Expectedly, my eyes welled up as I read about the fate of the innocent and unknowing men, women and children, many of whom were either immediately gassed upon arrival at death camps, or put to work until they suffered the same fate. I learnt about the falsehoods they were fed, such as ‘Arbeit Mach Frei’, which translates to ‘work will make you free’. I observed the steely and emotionless manner of Nazi soldiers as they stripped these people of their basic human rights.

One exhibit that claimed a permanent spot in my mind from the moment I stood in front of it was the box of hundreds of pairs of battered shoes once worn by those who were led to their death during the Holocaust. Above the exhibit is a poem titled ‘We are The Shoes’ by Moshe Szulsztein. It is written from the perspective of the shoes, who are speaking for their owners: ‘grandchildren and grandfathers from Prague, Paris and Amsterdam’. The sight of these shoes stacked on top of each other made me consider the innocence of the people who once stood in them: young girls and boys playing in fields, people like Gertrud, people in love, people who were loved.
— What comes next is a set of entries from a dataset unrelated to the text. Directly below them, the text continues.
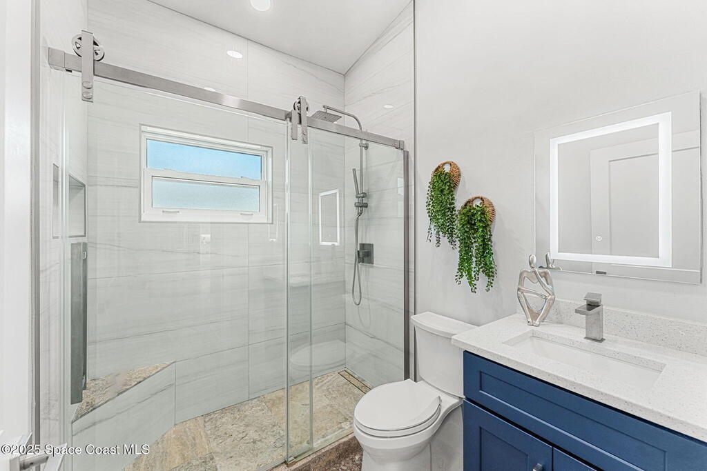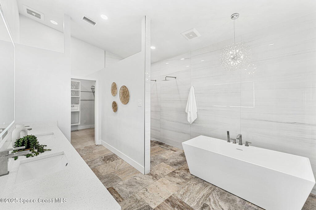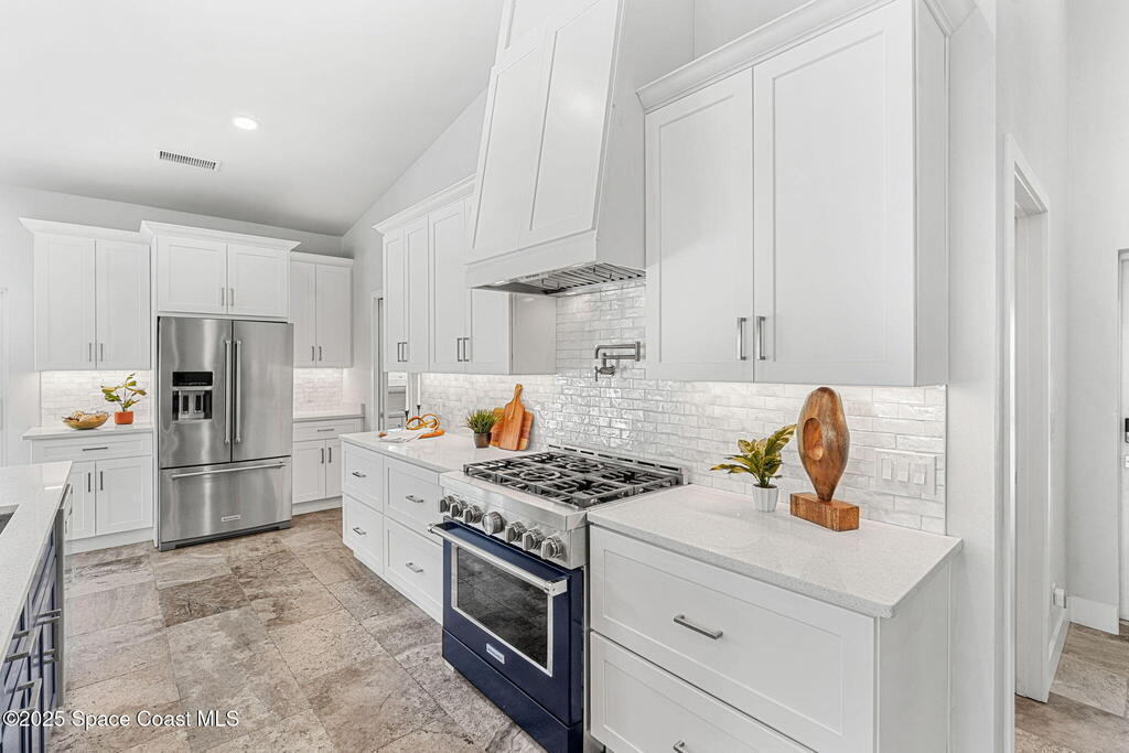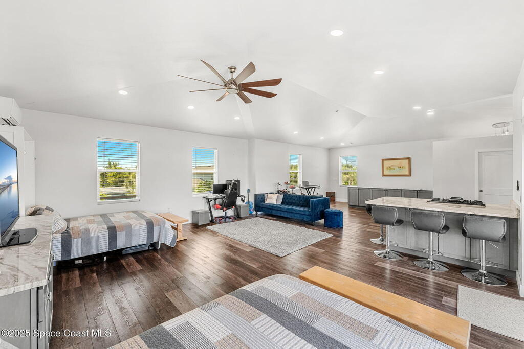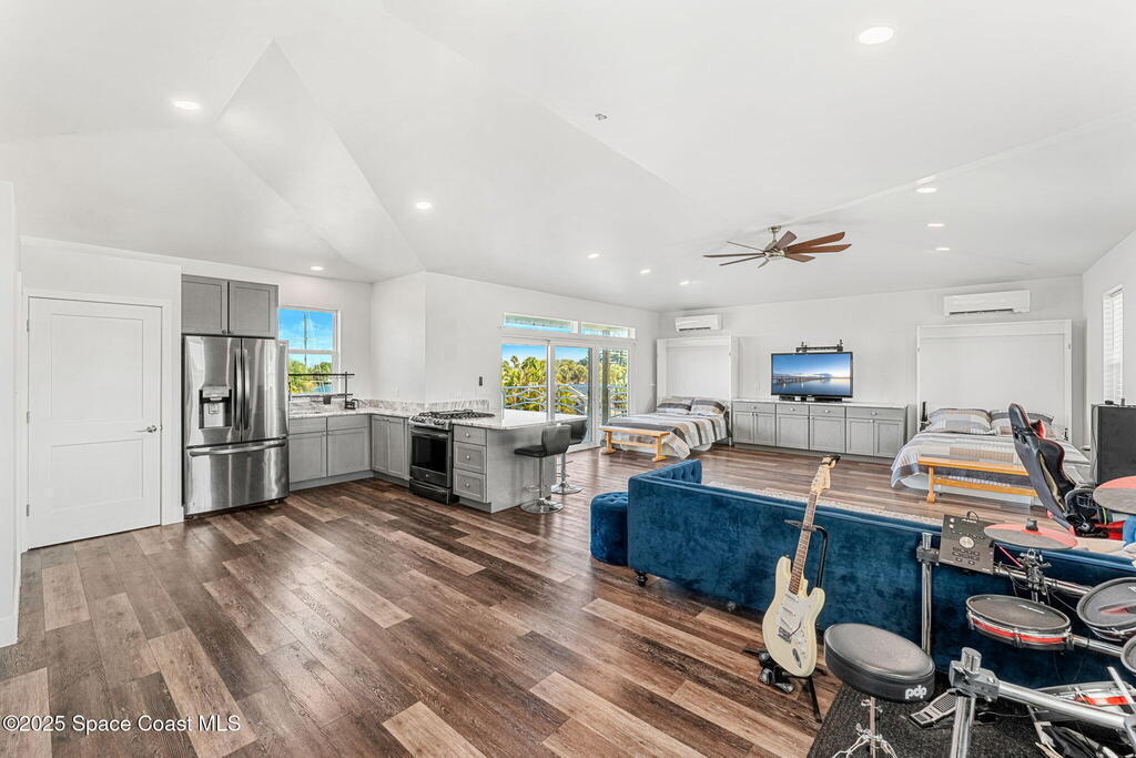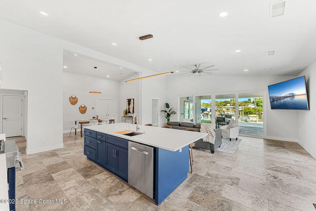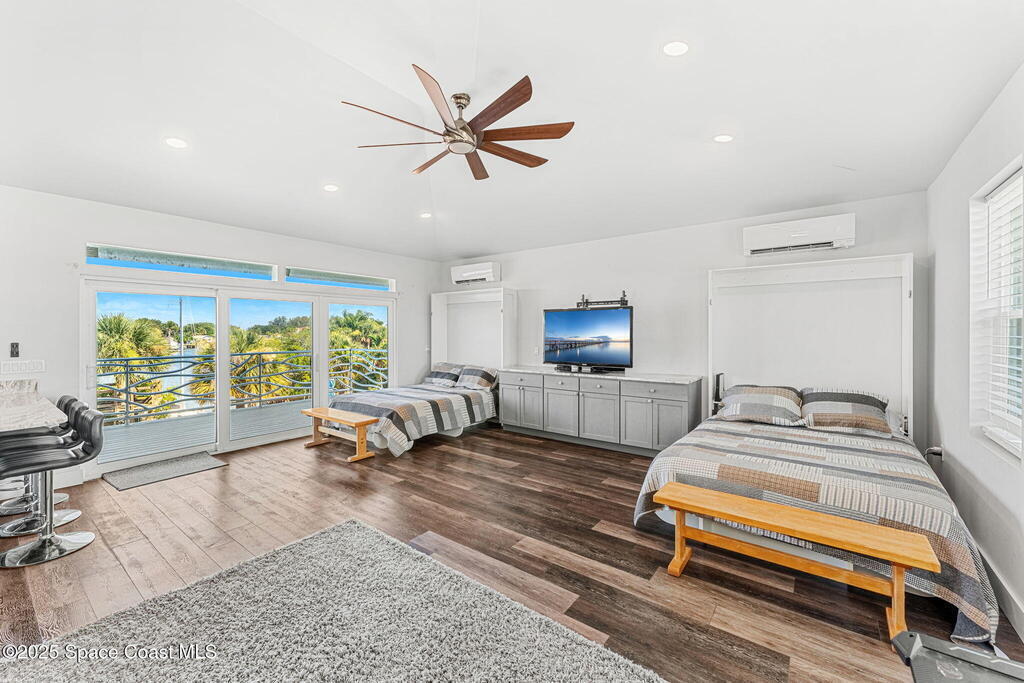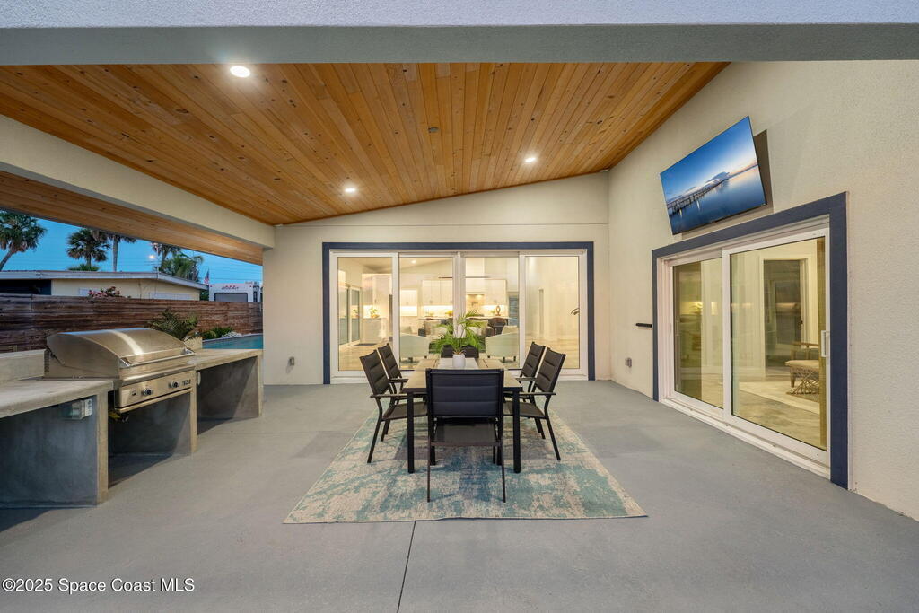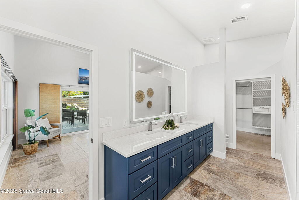 Experience waterfront living in this 2023 custom-built 5-bedroom, 5-bath home, located on a wide canal with stunning sunset views-- short walk to the beach, downtown Cocoa Beach, and a bike ride to the golf course. This luxury residence features a pool with full pool bath, and a 3-car garage with A/C, tall ceilings, and extra-high doors. The new dock includes water, electric, and two boat lifts. Inside, enjoy a chef's kitchen with 36'' gas range, pot filler, Bosch ultra-quiet dishwasher, tankless gas water heater, butler's pantry, and vaulted ceilings. The primary suite offers a spa-like bath with zero-entry shower, soaking tub, oversized closet. Additional highlights include illuminated mirrors in all baths, custom tongue-and-groove cypress ceilings, generator hookup, and a full solar system for $0 electric bills. A private 850 sq ft guest suite features its own kitchen, laundry, two queen beds, and a balcony--ideal for guests, income, or in-law living. Luxury, efficiency & location
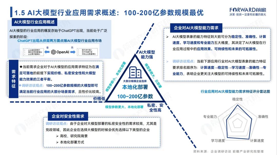- 需求方面:企业用户倾向于选择参数规模在100~200亿之间的AI大模型,偏好本地化部署。
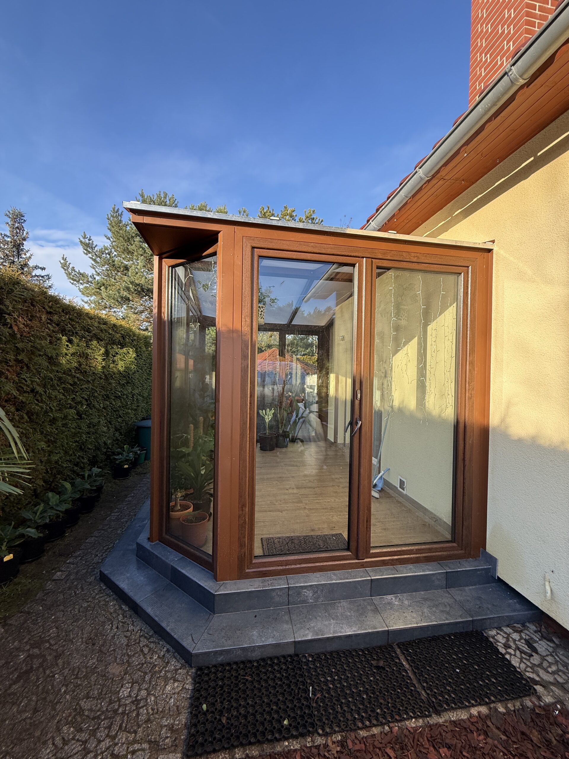 Takie zadaszenia przy domu to oszczędność miejsca, zajmują mniejszą
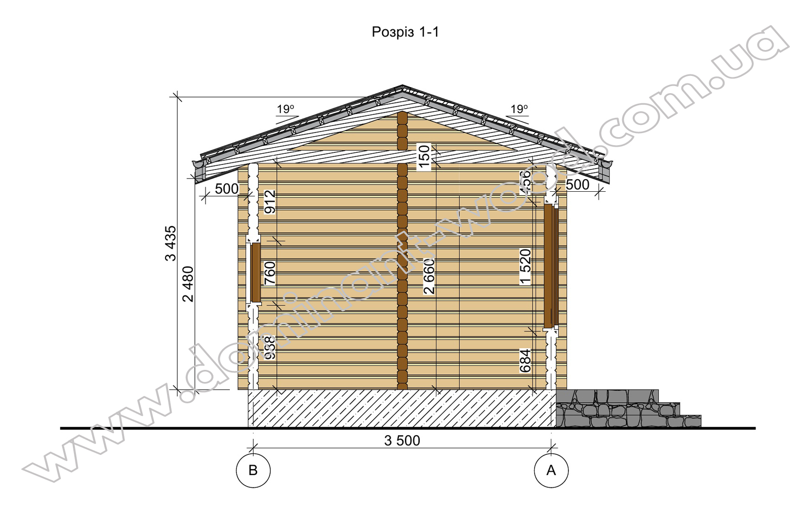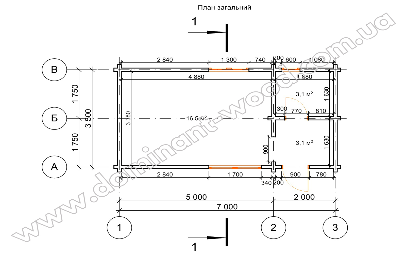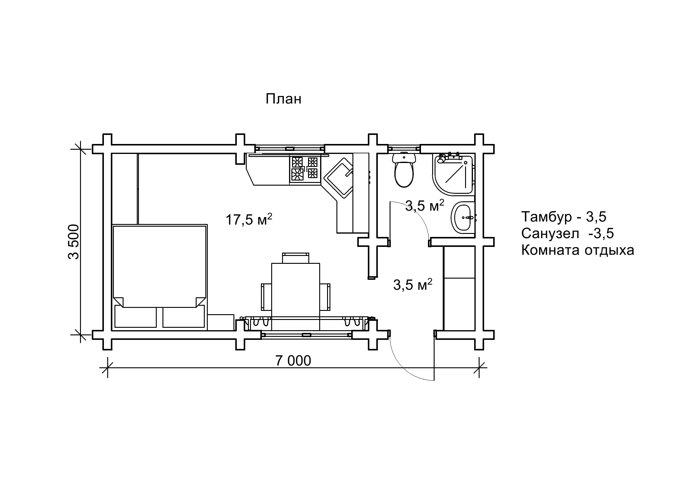 План будиночка-студії «Елов» 3,5 на 7 м

Even though I managed to see a considerable amount of exhibits, there are still many that I missed. Needless to say, I will surely be returning to see and learn more, and to bear witness to the other stories preserved there. If there is one thing that anybody can learn from visiting a museum like this, it is that we cannot deny history. We must embrace and learn from it, because it helps to shape and maintain our attitudes about the world we live in; sometimes even more than we are willing to admit.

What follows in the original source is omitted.